Entries taken from a collection:
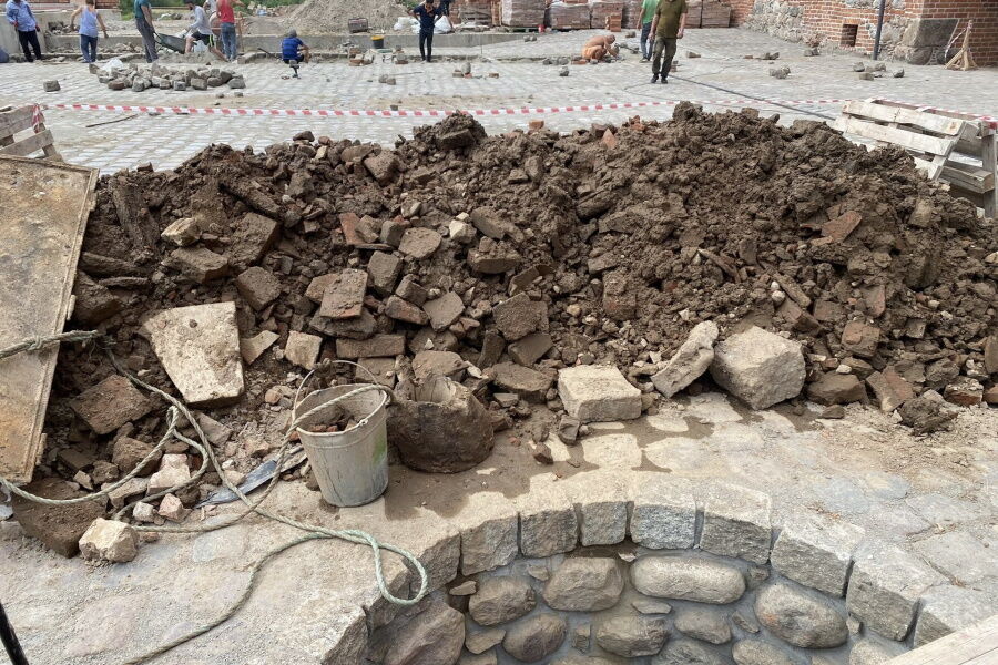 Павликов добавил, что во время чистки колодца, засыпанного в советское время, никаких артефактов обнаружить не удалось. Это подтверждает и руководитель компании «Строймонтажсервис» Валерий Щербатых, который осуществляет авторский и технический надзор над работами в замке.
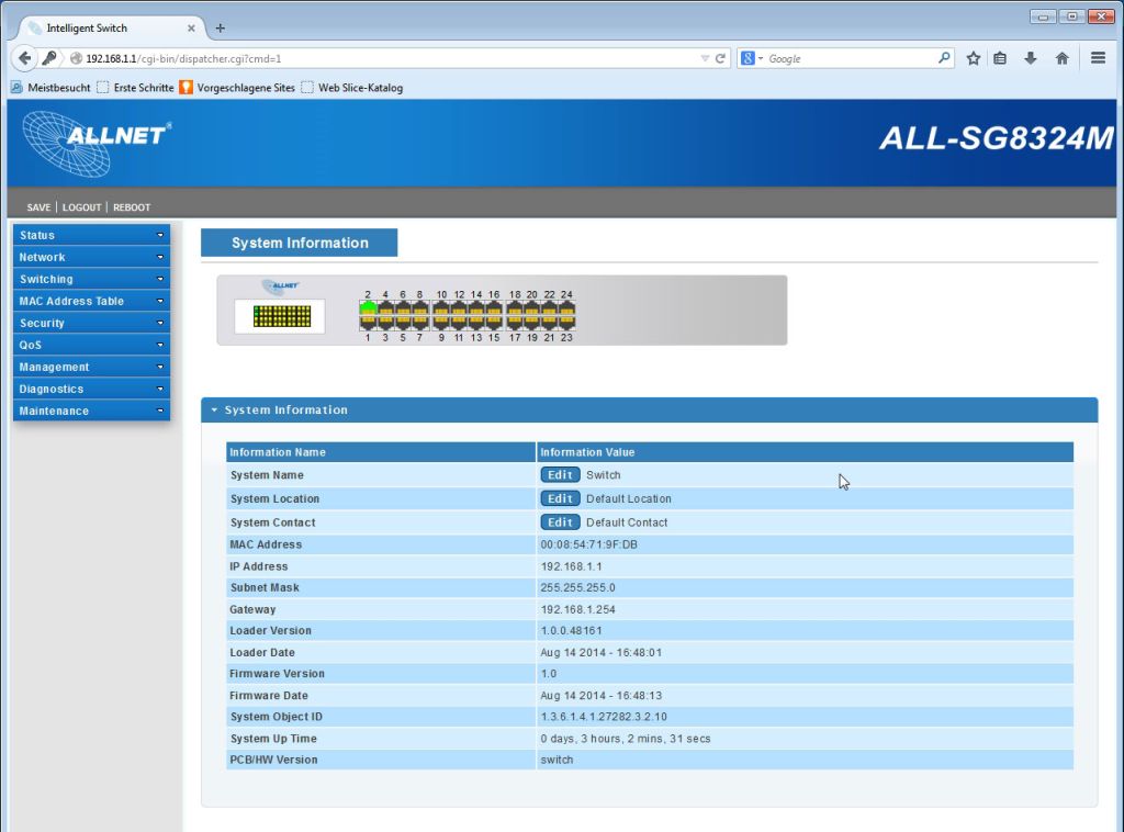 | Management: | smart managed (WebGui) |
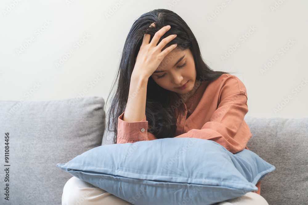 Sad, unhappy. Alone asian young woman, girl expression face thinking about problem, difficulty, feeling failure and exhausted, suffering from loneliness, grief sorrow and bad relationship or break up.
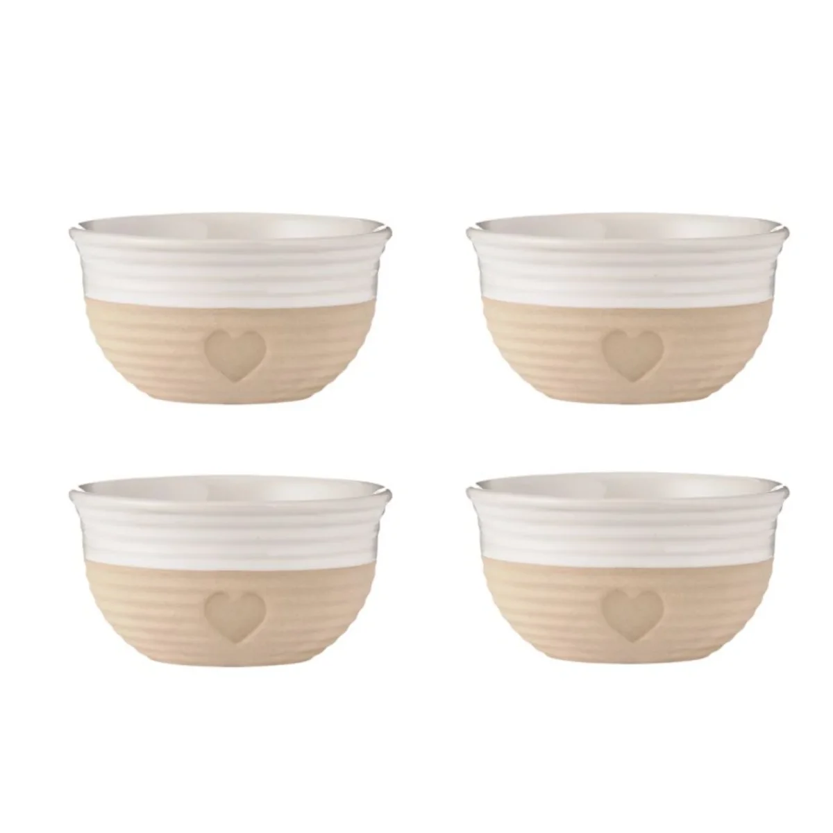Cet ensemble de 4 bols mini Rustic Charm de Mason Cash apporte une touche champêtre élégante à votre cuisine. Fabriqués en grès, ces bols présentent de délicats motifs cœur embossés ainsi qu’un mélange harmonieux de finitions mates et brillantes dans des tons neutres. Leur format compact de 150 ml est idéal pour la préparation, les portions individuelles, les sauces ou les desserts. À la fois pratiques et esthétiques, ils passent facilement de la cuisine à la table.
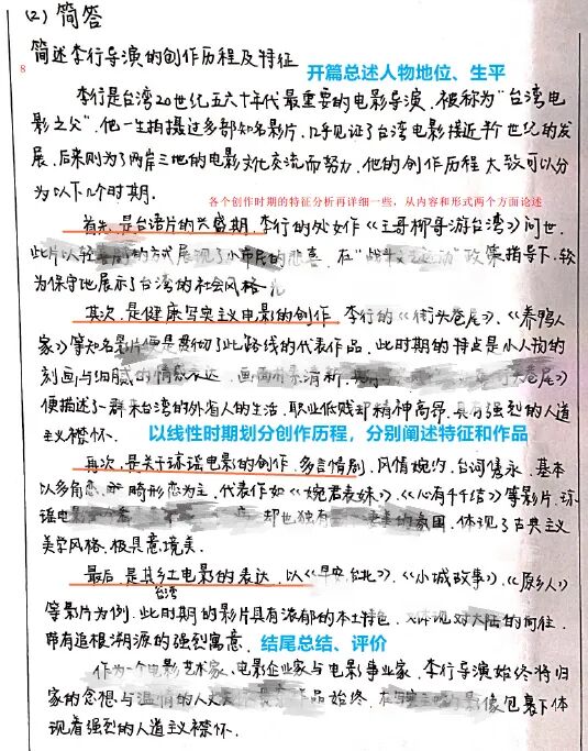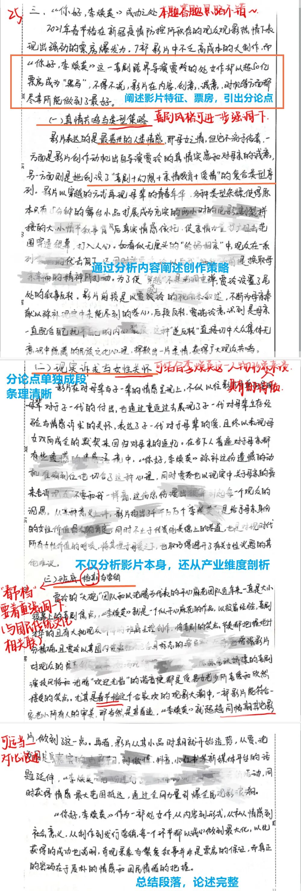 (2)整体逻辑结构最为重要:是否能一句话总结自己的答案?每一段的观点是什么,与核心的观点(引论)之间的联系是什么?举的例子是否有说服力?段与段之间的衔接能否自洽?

Your assignment:
Above are records with pictures. Reproduce exactly only the lines from the line with "managed (WebGui) |" through the line with "Cet ensemble de", both ends included, and leave the pictures out.

Solution to this problem:
 | Management: | smart managed (WebGui) |
 Sad, unhappy. Alone asian young woman, girl expression face thinking about problem, difficulty, feeling failure and exhausted, suffering from loneliness, grief sorrow and bad relationship or break up.
Cet ensemble de 4 bols mini Rustic Charm de Mason Cash apporte une touche champêtre élégante à votre cuisine. Fabriqués en grès, ces bols présentent de délicats motifs cœur embossés ainsi qu’un mélange harmonieux de finitions mates et brillantes dans des tons neutres. Leur format compact de 150 ml est idéal pour la préparation, les portions individuelles, les sauces ou les desserts. À la fois pratiques et esthétiques, ils passent facilement de la cuisine à la table.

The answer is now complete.